Лебеллюк(в замешательстве). Так-то оно так… но ведь ты сделал тем не менее ей ребенка!
Леон(не без фальши). Не приказывал же я ей забеременеть! Я держался в высшей степени корректно. В сущности, она меня все время подстрекала. Наверно, она меня любила, вот что я тебе скажу.
Лебеллюк. Так тебе и поверили! (Опять листает кодекс.) Статья двести седьмая: „Согласие девицы либо женщины не может служить оправданием для мужчины, застигнутого на месте преступления, даже в случае формального подтверждения этого обстоятельства его партнершей“. Что это у тебя так физиономия вытянулась? (Ехидно.) Никак, язык проглотил?

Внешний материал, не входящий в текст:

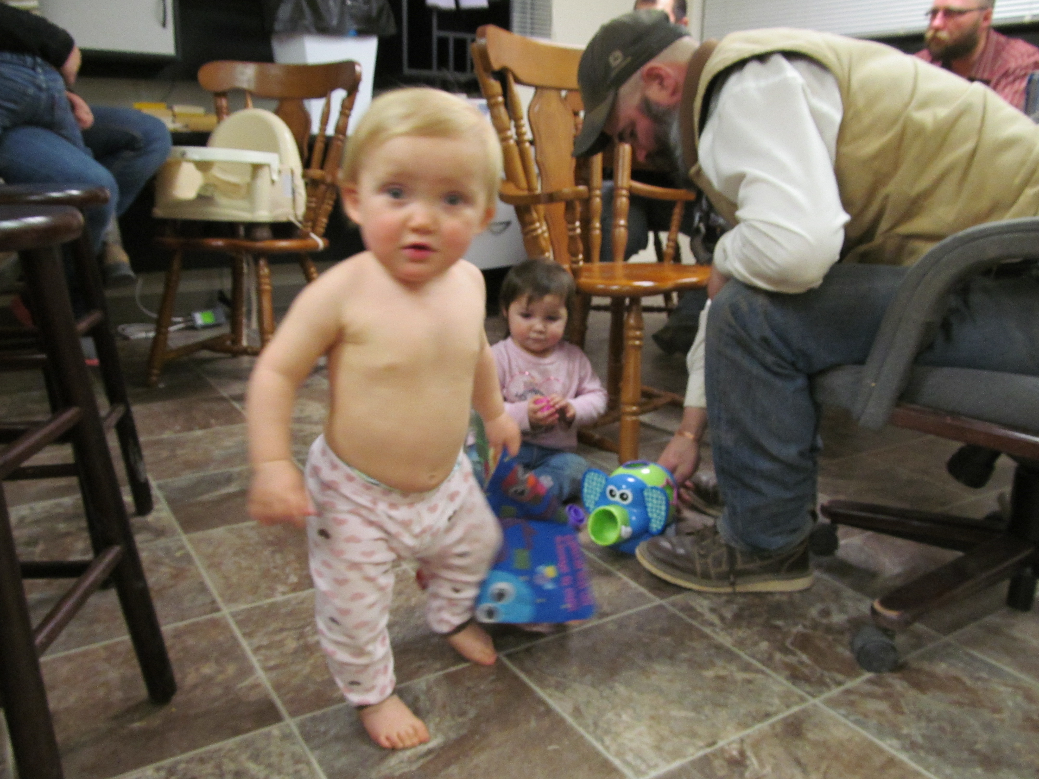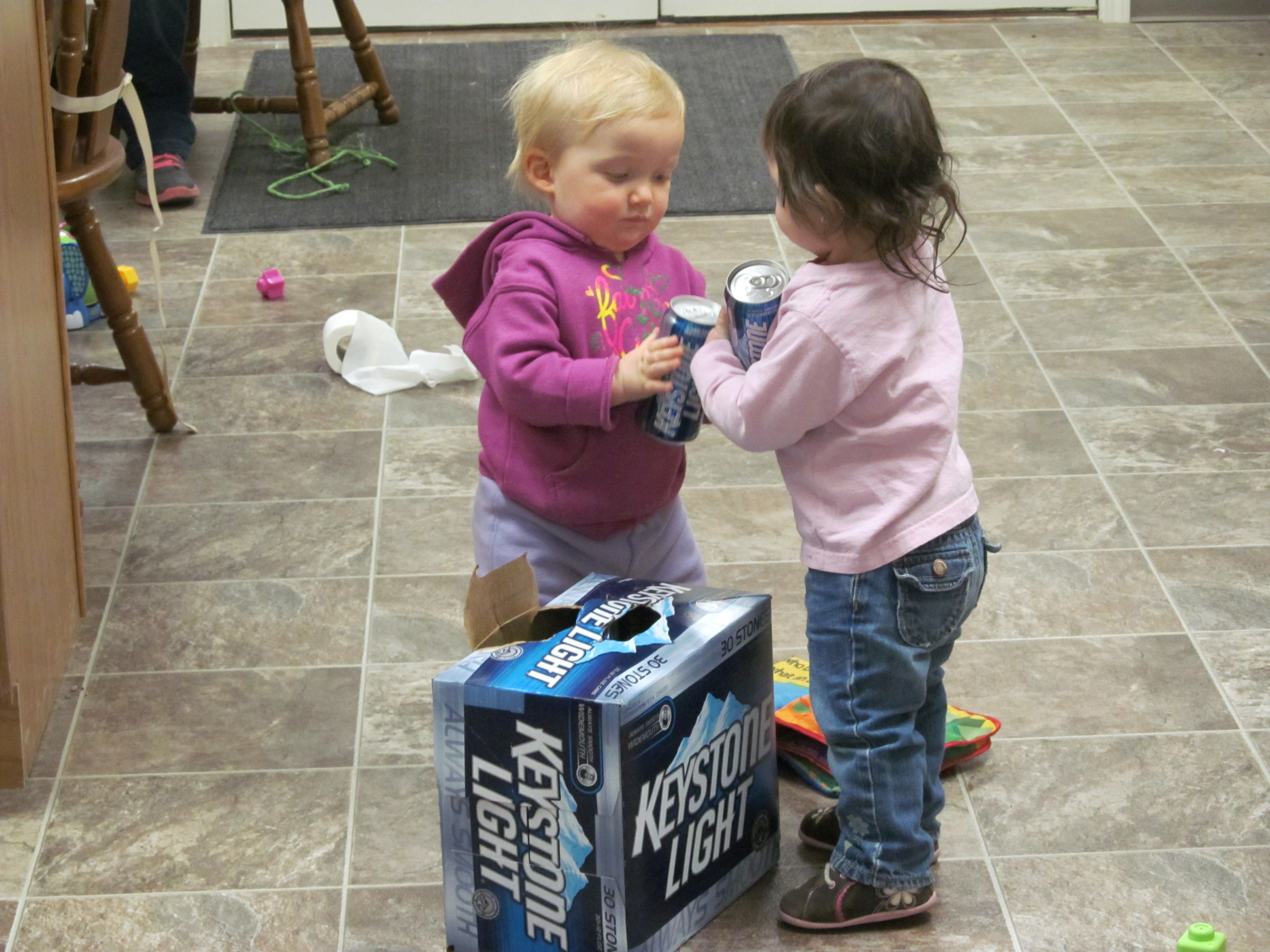 Grace had lots of playtime with other short people, including our friends’ daughter Lena who is two months older than Grace. We let them unpack the beer box for an affordable, safe baby activity. See the toilet paper roll in the background? I also let them TP the bunkhouse. I’m setting them up for a super fun Halloween night one year.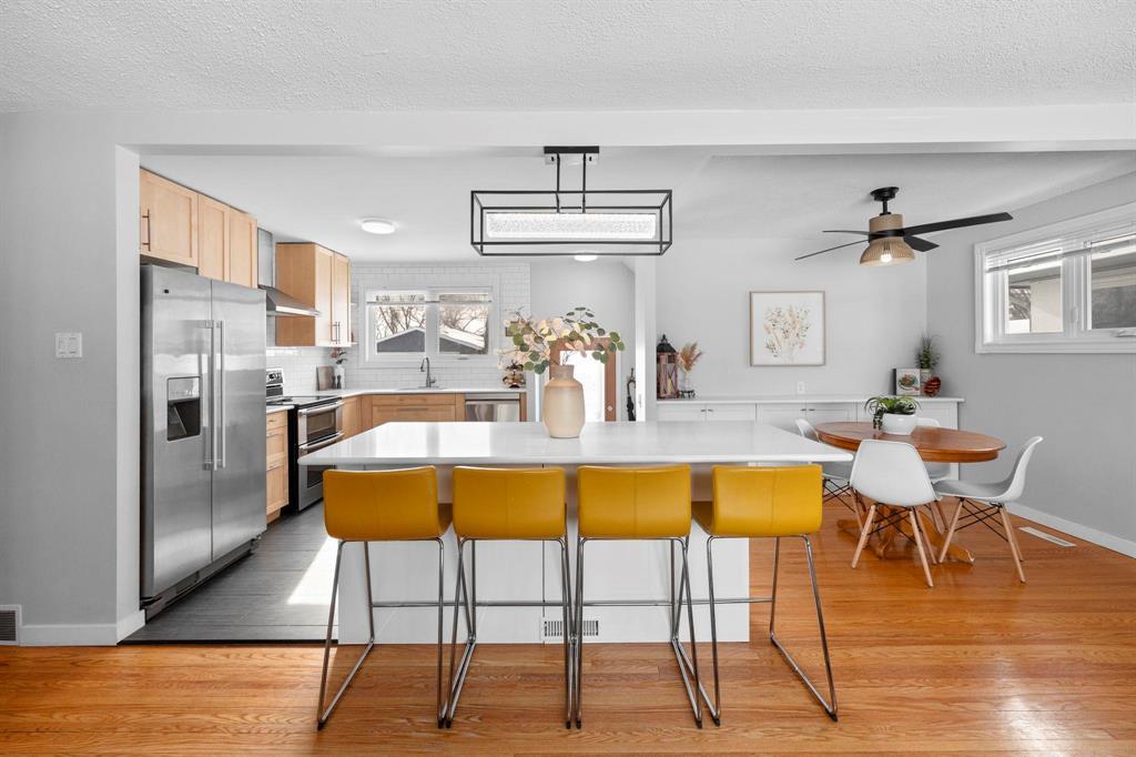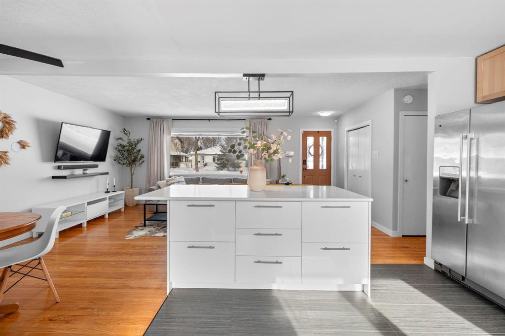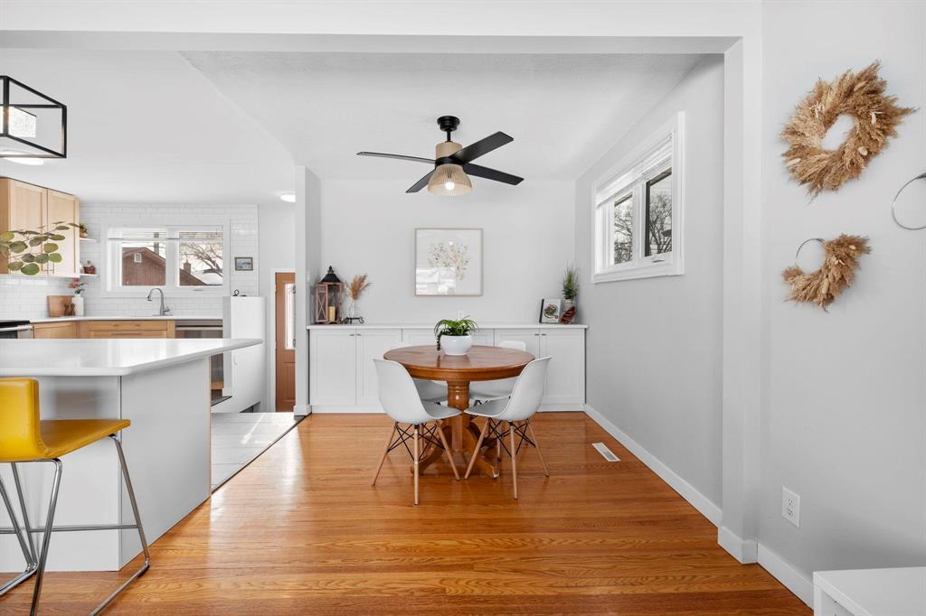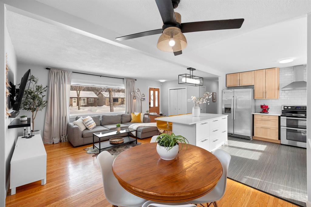 3M//Winnipeg/S/S Thurs. Feb. 26, offers Tues. Mar. 3 after 6 pm. This updated & bright bungalow on a quiet street offers style, function & comfort. Gleaming hardwoods & abundant natural light enhance the main level, while durable tile anchors the beautifully renovated kitchen featuring soft-close maple cabinetry, ss appliances, subway tile backsplash & large island w/breakfast bar seating for everyone. The open-concept LR & DR is ideal for entertaining, complete with a built-in buffet w/quartz counter & additional soft-close storage. Three main-floor bedrooms all showcase hardwoods & great natural light, including a primary bedroom w/slatted wood feature wall & built-in bed. The updated 4-piece bath includes a modern floating vanity & tile flooring. The fully finished bsmt offers excellent additional living space for relaxing, gaming or working out, w/new vinyl plank flooring & an updated 3-piece bath (2025). Major updates include most windows (2019), shingles & HEF (2018). HWT (2025). Enjoy the large fenced yard w/new fencing (2024), perfect for kids & pets, plus a DT/1 w/attached shed & parking pad for two more vehicles. Close to schools, parks & recreation...this solid home is move-in ready & won t last! (231991803)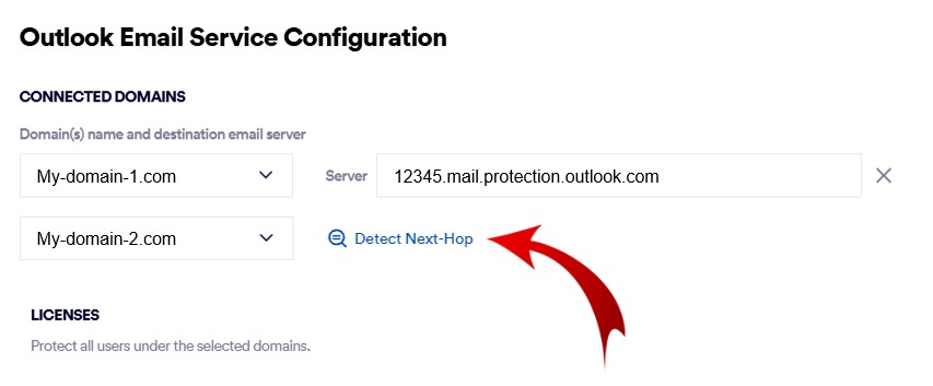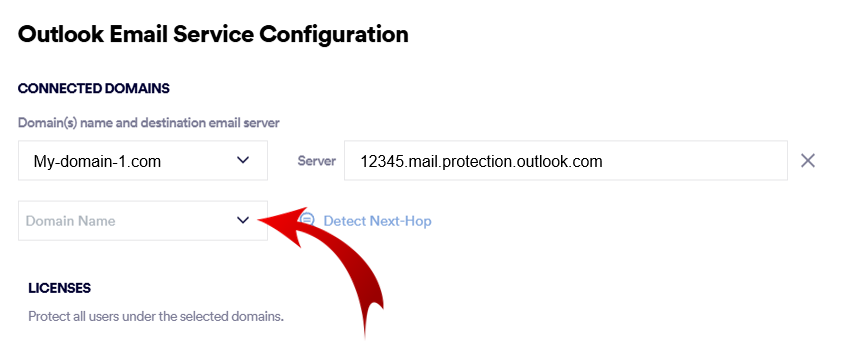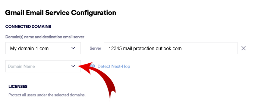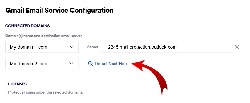 Click Detect Next-Hop to the right of the domain name. This should populate the Server or Destination Mail Server field.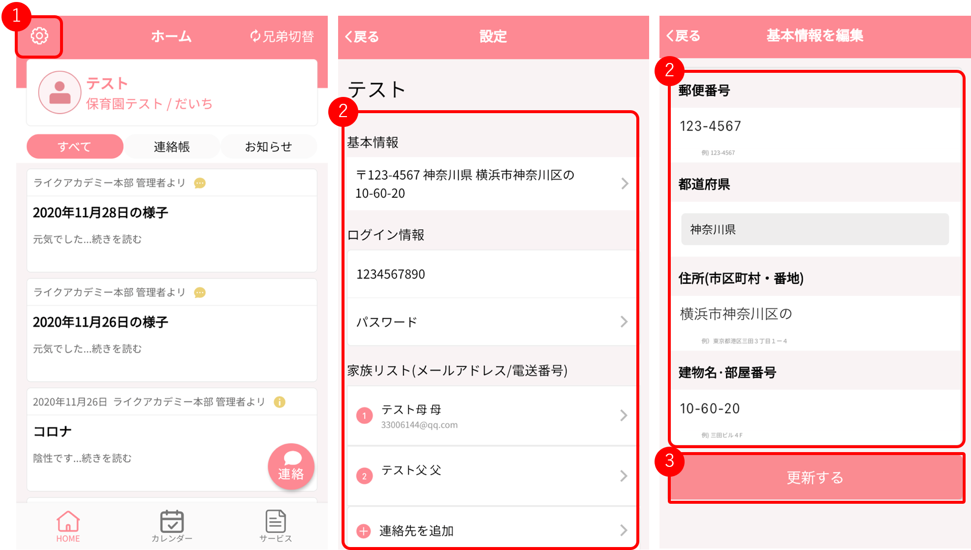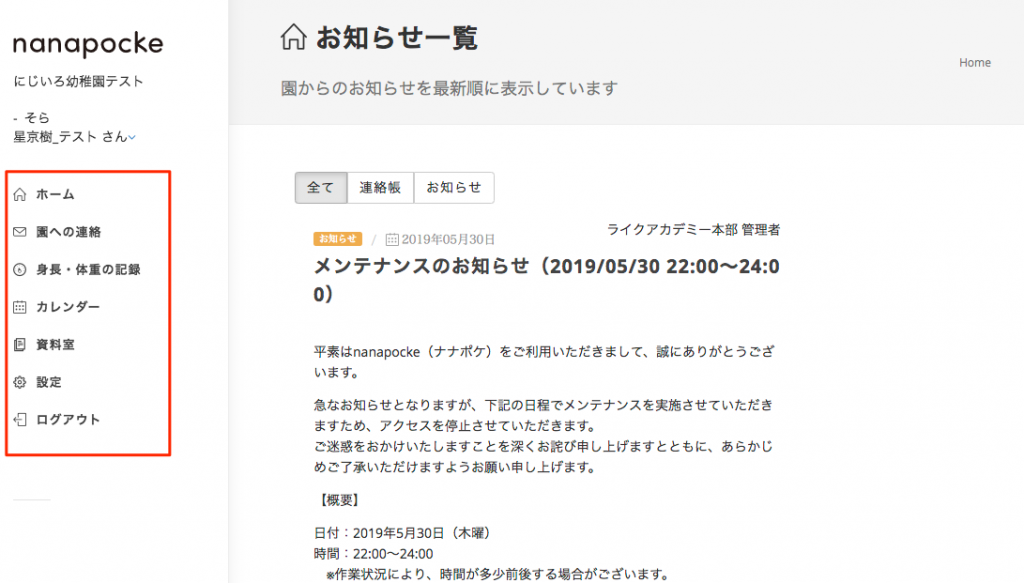 HOME画面では、園から配信されるお知らせや連絡帳の一覧画面が表示されます。

Леон(вне себя). Дерьмо! Я знаю, ты ждешь не дождешься, когда я запою вместе с тобой в хоре Сикстинской капеллы!
Лебеллюк(с достоинством). Не смешивай, пожалуйста, божий дар с яичницей. Что касается меня, то я принес жертву на алтарь веры… или, если хочешь, честолюбия. А тебя я пытаюсь спасти от унизительного приговора. Хочешь знать мое мнение? Только один человек может сейчас тебя спасти: Ада! У тебя с ней были постельные отношения в последнее время?
Леон(сумрачно). Очень редко.
Лебеллюк. И как, успешно?
Леон(взбешенный). Тебе-то что за дело, мозгляк?
Лебеллюк. Прямое. Как адвокат, я должен укрепить наши позиции. Давай начистоту. Ада может быть лично заинтересована в том, чтобы все осталось при тебе? У нее есть любовник?
Леон. Не думаю. Она женщина холодная.
Лебеллюк. Вот и разогрей ее, моя радость! Разогрей — и ты спасен!
Леон. Это невозможно. Да и времени уже нет: через два часа начнется суд.
Лебеллюк. Два часа! Да за два часа и не то можно сделать!
Леон(мрачно). Только не это. Это выше человеческих сил. Во всяком случае, моих. И все их законы тут бессильны! Поди заставь, чтобы у меня…
Лебеллюк(в ужасе обрывает его). Только без выражений! Ты же знаешь, что за них полагается. Статья триста семнадцатая, параграф двенадцатый. (Зачитывает.) „Всякое непристойное или фривольное выражение, уничижительное или скабрезное слово, обозначающее некую часть или совокупность женской анатомии либо женщину как таковую, карается…“ и так далее.
Леон(вне себя). Ну чего они этим рассчитывают добиться?!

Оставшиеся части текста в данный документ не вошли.